In Praise of Hypocrisy: 4


            Lesser-Evilism



            There’s a fine line between relative and absolute hypocrisy. Consider the case of Lesser-Evilism.

            “Choose the lesser of two evils”; that’s the classic advice of the hypocrite sage. As a compromise it is perhaps forgivable. It doesn’t pretend that its choice is good, just that the alternative is worse. An uncomfortable doctrine; it promises at best a holding action, more likely a disorderly retreat.

            But now consider this mutated version of that advice: “The lesser of two evils is therefore good.” This theory, which I call Lesser-Evilism, is very convenient; for it guarantees a foolproof path to virtue.
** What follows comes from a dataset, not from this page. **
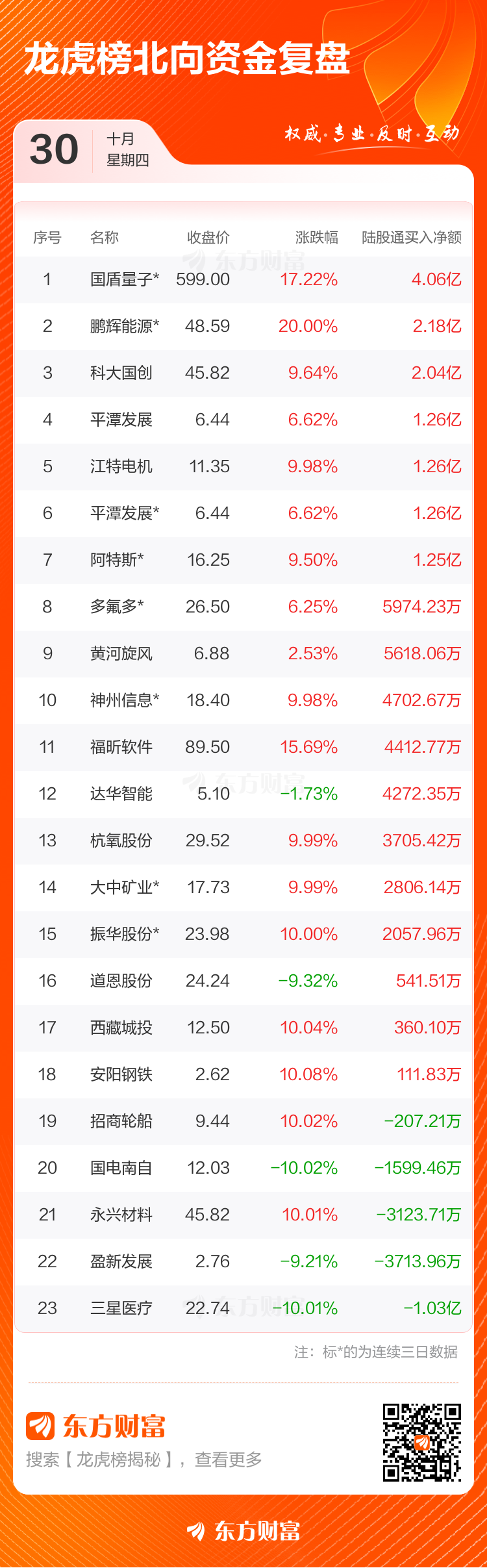 10月30日龙虎榜复盘:“湖里大道”8786.60万元净买入鹏辉能源
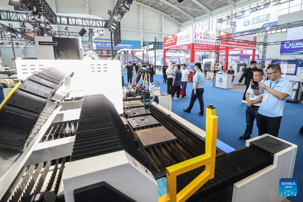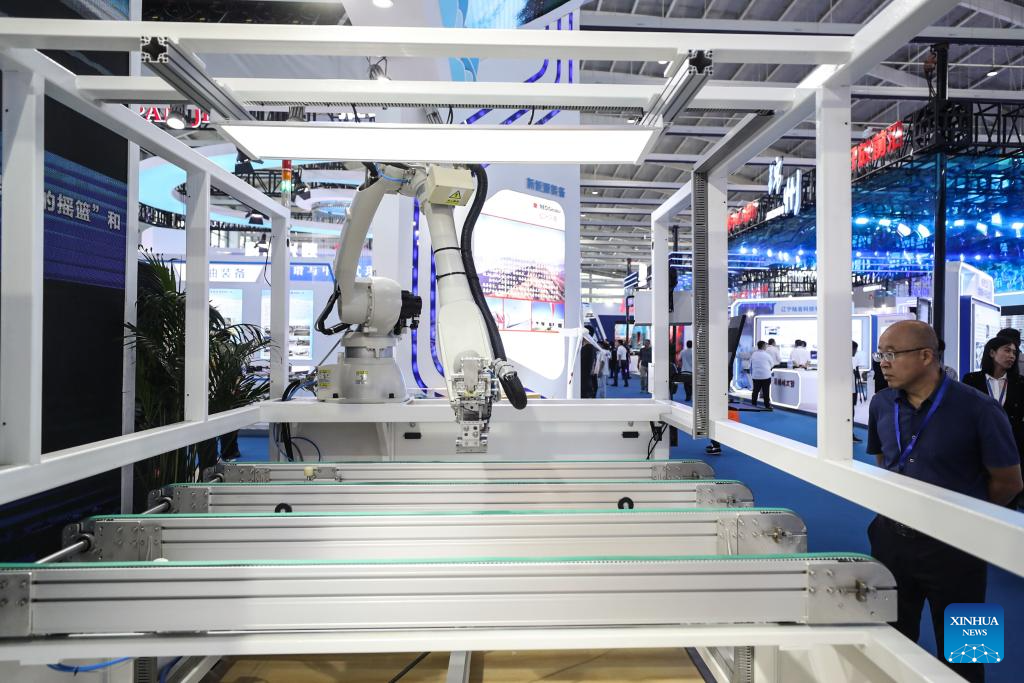 People visit the 21st China International Equipment Manufacturing Exposition in Shenyang, northeast China's Liaoning Province, Sept. 1, 2023. The expo kicked off on Friday at Shenyang International Exhibition Center. Over a thousand enterprises in intelligent manufacturing area attended the expo. (Xinhua/Pan Yulong)

To be good, you need only be other than somebody else who is worse.

            So if Paul steals $2 from Peter, and if Paul and Saul are rivals, then isn’t Saul justified in stealing only $1 from Peter? Even Peter will agree that’s only half as evil. And if Saul then kicked Peter, then wouldn’t Paul be in the right if he retaliated by merely slapping Peter? Another lesser evil!

            Why stop there? $10 is less than $20; vandalism is not as bad as arson; armed robbery isn’t nearly as scary as kidnapping; and so on. The possibilities are endless! In fact Paul and Saul can lesser-evil poor Peter straight into the grave, with Paul and Saul alternately not-to-blame.

            Note that Paul and Saul are rivals in name, but they’re partners in practice. Their crimes justify each other. Paul and Saul have a lot more in common with each other than either of them has with Peter. And as for poor Peter, he has only himself not-to-blame. After all, he got what he didn’t deserve.

            You’d think that Lesser-Evilism would fail when Paul and Saul are both too obviously wrong to justify themselves or each other. But that is precisely when hypocrisy becomes absolute, and doublethink takes over. Lesser becomes greater; so Lesser-Evilism becomes Greater-Evilism, and the race to the bottom accelerates towards its goal.

            The trouble with Lesser-Evilism is that you can never be sure that the lesser evil is lesser; but you can always be sure that the lesser evil is evil. (If you weren’t, then there would be no talk of lesser evils.) Thus Lesser-Evilism tends to revert to Evilism; the belief that all evil is good. Evilism is, of course, a core hypocritical value. Once you accept it as a moral axiom, then all else follows.